The lines running from the one that contains "This ensemble features" to the end of the records below are what to reproduce, exactly and without pictures.

Available records Start Marker

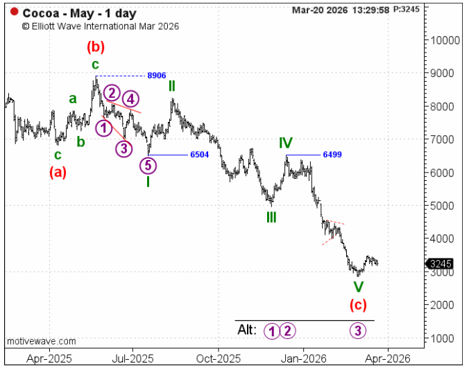 As previously noted in our reports, based on cocoa market movements, further correction is quite possible according to an alternative wave count (currently in wave 4, with a potential wave 5 decline toward $2,000.00 on the New York Exchange).
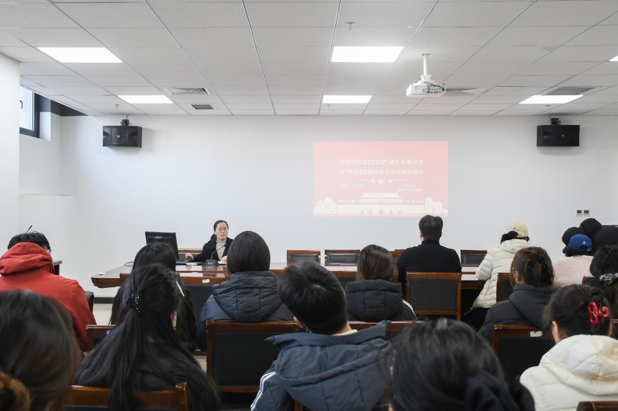 12月4日,美术学院在艺术中心218会议室顺利举办第172期“蒲公英·德艺讲堂”暨第22期预备党员专题培训会。本次培训由学生第一党支部书记王文丽主讲,第22期全体预备党员与部分入党积极分子参加学习。
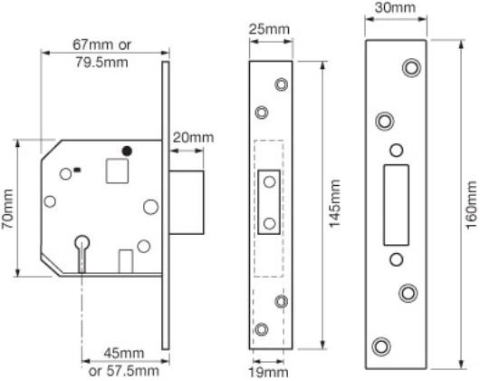 Suits wooden doors hinged on the left or right and requiring key operation only. Deadbolt locked or unlocked by key from either side. Extended 20mm deadbolt for secure positive deadlocking and additional resistance against jemmy attack. Made in the U.K.
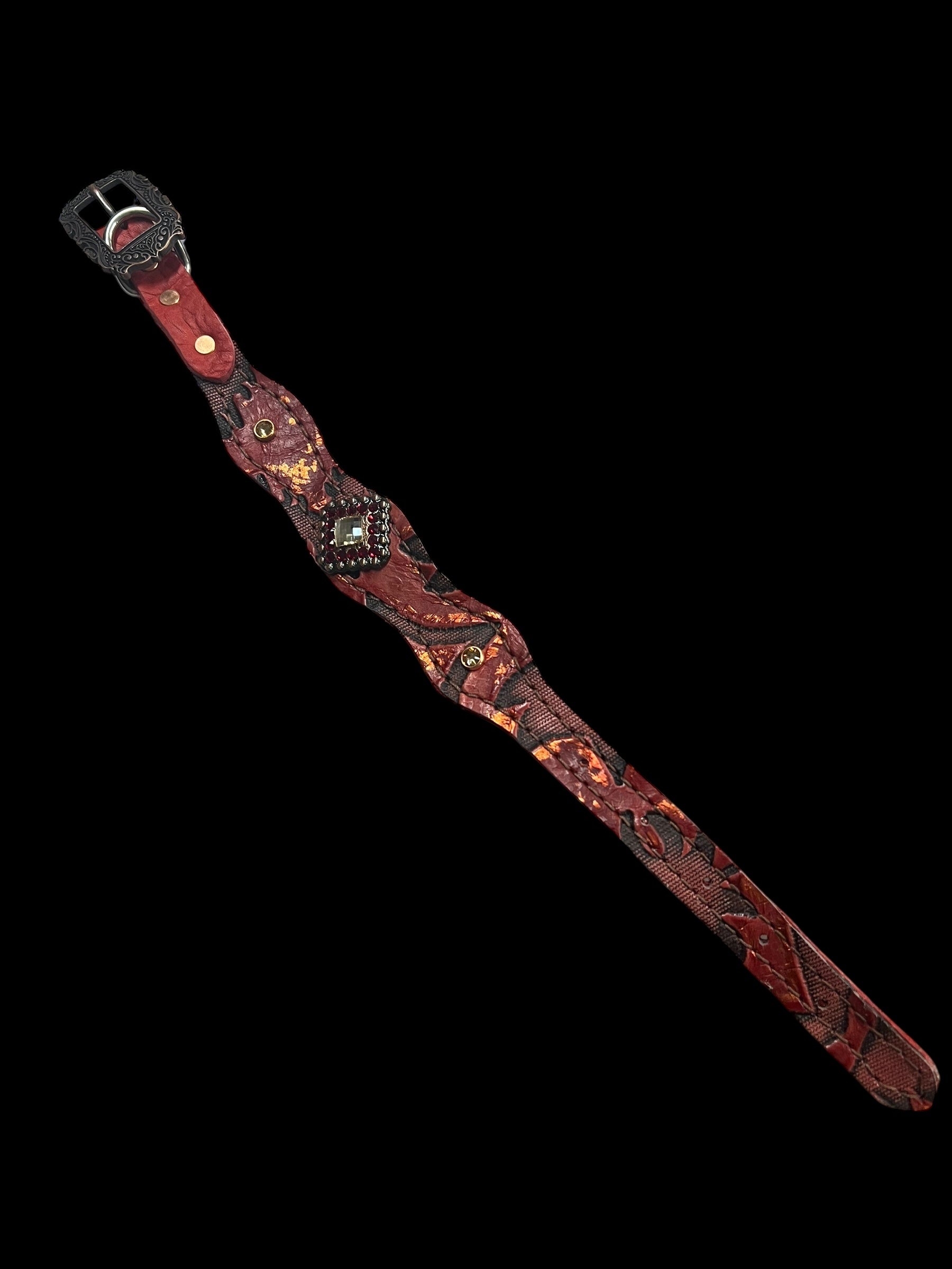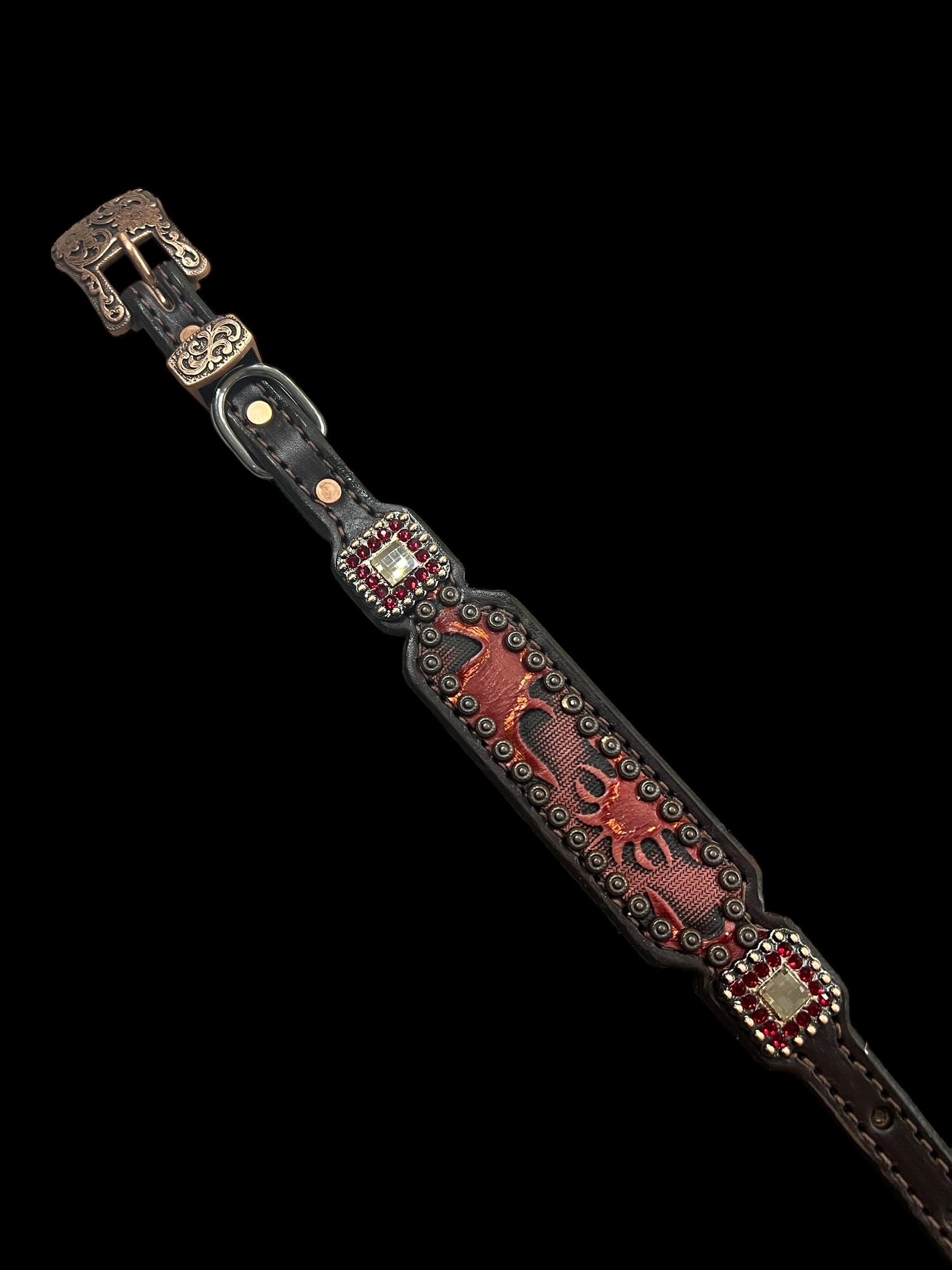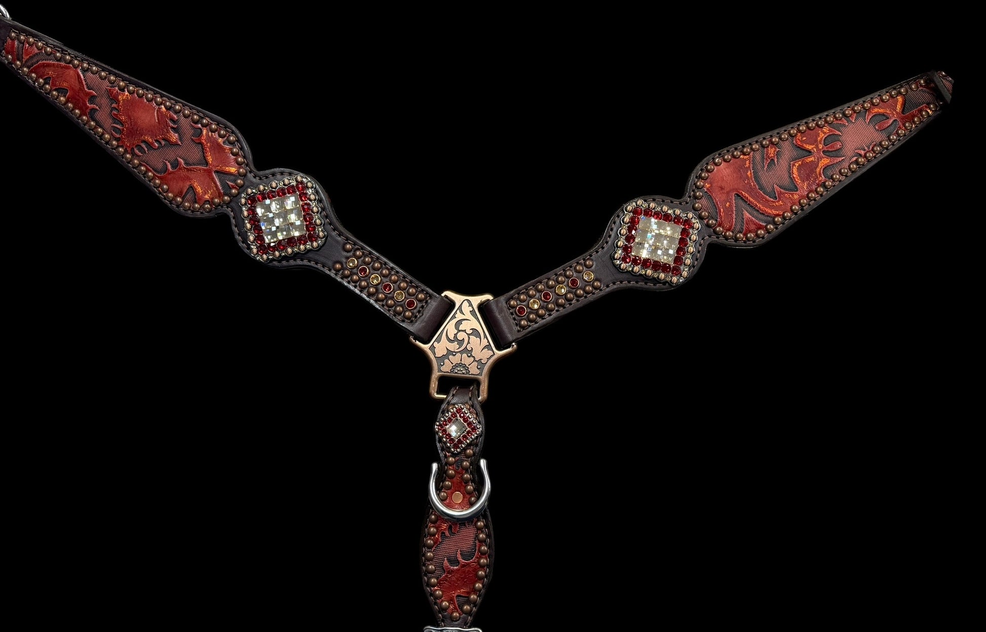 This ensemble features chocolate english bridle leather with red and copper Laredo embossed leather overlay, copper spots, and conchos with genuine rhinestones
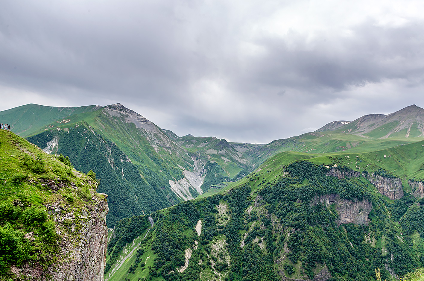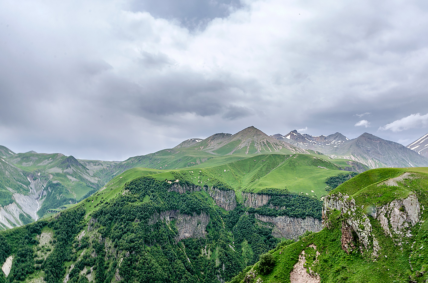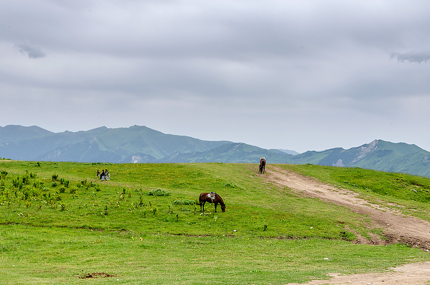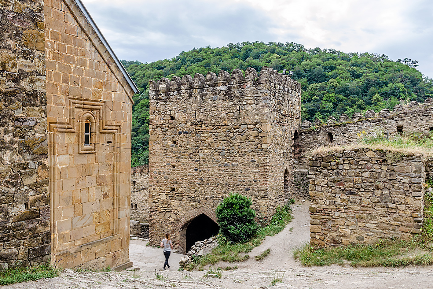 Cerkiew Cminda Sameba pod wezwaniem Trójcy Świętej, znajduje się na wysokości 2170 m n.p.m. Zbudowany wśród gór Kaukazu w XIV w. Pod klasztorem widoki zapierają dech w piersiach. Widać Kazbegi położone w dolinie. Przejaśniło się na chwilę.

Available records End Marker

▶ _Solution_
 This ensemble features chocolate english bridle leather with red and copper Laredo embossed leather overlay, copper spots, and conchos with genuine rhinestones
 Cerkiew Cminda Sameba pod wezwaniem Trójcy Świętej, znajduje się na wysokości 2170 m n.p.m. Zbudowany wśród gór Kaukazu w XIV w. Pod klasztorem widoki zapierają dech w piersiach. Widać Kazbegi położone w dolinie. Przejaśniło się na chwilę.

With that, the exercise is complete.